Previous research has suggested that just like pathologic fears, fear of weight gain is mostly driven by expected consequences of weight gain such as loss of control or social reactions, and less by the stimuli such as scales or food that patients often report as triggers [9, 12, 13]. According to current evidence on mechanisms of fear treatment [14], efficient exposure to weight gain would enable patients to check whether their expected negative consequences actually hold. Existing interventions for fear of weight gain and body image, however, aim to improve patient’s perception and cognitions about their current body rather than the expected healthy, normal weight body [15, 16]. Virtual reality (VR) provides the unique opportunity to expose patients to a healthy body while at the same time counteracting avoidance through its multisensory, immersive nature [17].
As VR tools for psychotherapy have progressed, there have been calls to link clinical considerations with technical implementation from the outset, including the choice of hardware and specific software characteristics [17, 18]. Studies using VR for therapeutic applications in eating disorders have recently increased (for reviews, see [19, 20]), but existing setups for virtual body exposure are either technically rough but accessible (e.g., [21, 22]) or complex and bound to the developing laboratory (e.g., [23, 24]). Other differences include strategies to induce body ownership [25] and therapeutic rationales [19, 26, 27]. Importantly, research focus on existing setups for body image therapy has mostly been on the feasibility and potential clinical utility of virtual body exposure [19] and less on identifying technical features for successful implementation and optimizing therapeutic procedures. This study adds on to previous research by presenting a portable VR body exposure setup along with user experience data on technical features and on the therapeutic procedure of pure exposure to healthy weight as an adjunct treatment for AN. The VR setup uses a state-of-the-art parametric body model [28, 29] along with real-time animation for the induction of ownership [25] and can be used flexibly to match individual therapeutic needs. Study 1 investigated a subclinical sample of 20 women with high weight or shape concern to characterize the setup in terms of user experience and to test whether the setup actually induces fear of weight gain. Study 2 was conducted in a sample of 20 patients with AN who underwent four 30-min sessions of pure virtual exposure to healthy weight. Changes in fear of weight gain, body image dissatisfaction, and arousal within the sessions and between the first and last session were assessed. Further, typical courses of self-reported arousal within the sessions were explored and user experience of the setup and procedure was assessed to generate hypotheses on helpful therapeutic ingredients of virtual body exposure.
Materials and Methods
Sample
The recruitment and study procedures were conducted in accordance with the ethical guidelines from the Declaration of Helsinki and were approved by the Ethics Committee of the Medical Faculty Tübingen (No. 580/2019BO2 and 760/2018BO1). Exposure sessions were supervised by a licensed psychological psychotherapist. All participants provided written informed consent prior to their participation.
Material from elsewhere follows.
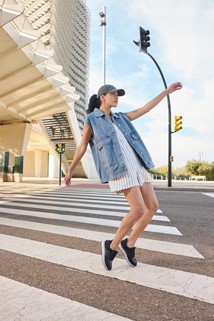 Širší dámské tenisky bez zavazování s unikátní funkcí Ready2GO pro snadné obouvání.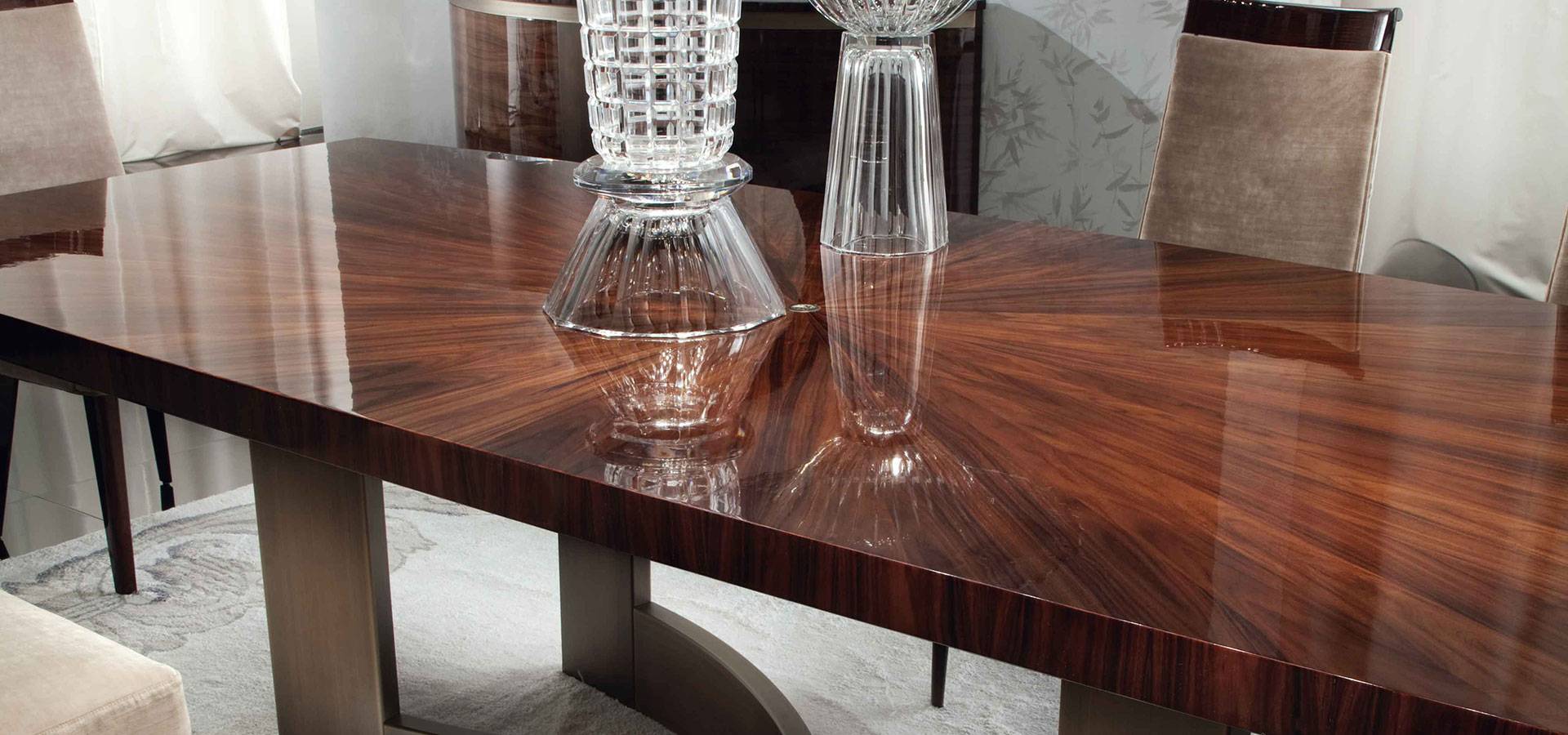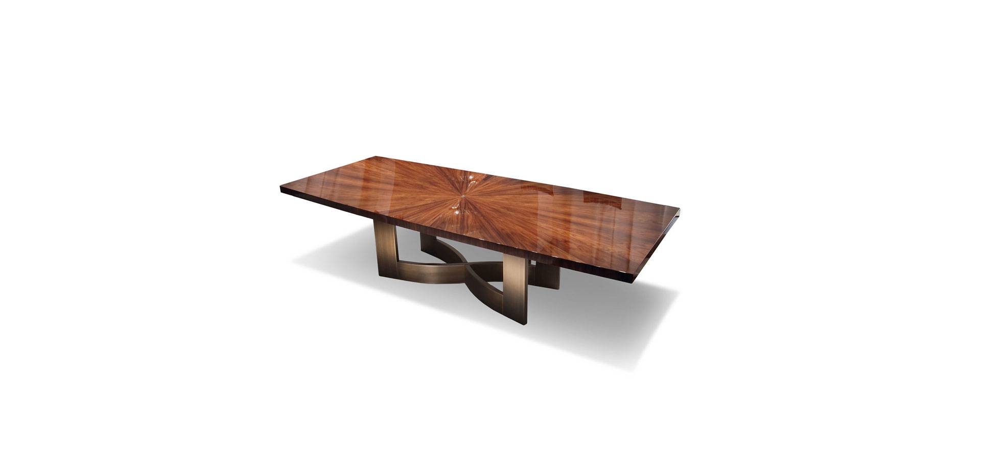 Rectangular table with a high gloss polyester finish and a veneer of Brazilian rosewood. Bronzed stainless steel fixed top and base Top with sunburst veneer.

For study 1, N = 20 participants with healthy weight and high weight or shape concern according to the German version of the Eating-Disorder-Examination Questionnaire (EDE-Q, [30]) were recruited. Inclusion criteria were age between 18 and 44 years, German language proficiency, body mass index between 19 and 25 kg/m2, negative screening for an eating disorder (EDE-Q total score <2,3, [31]), positive screening for significant weight or shape concern (EDE-Q shape concern or weight concern ≥1,2, i.e., percentile >70 in women ≤44 years [31]), self-report of no mental health diagnosis or pregnancy within the last 2 years. Participants were recruited via mailing lists.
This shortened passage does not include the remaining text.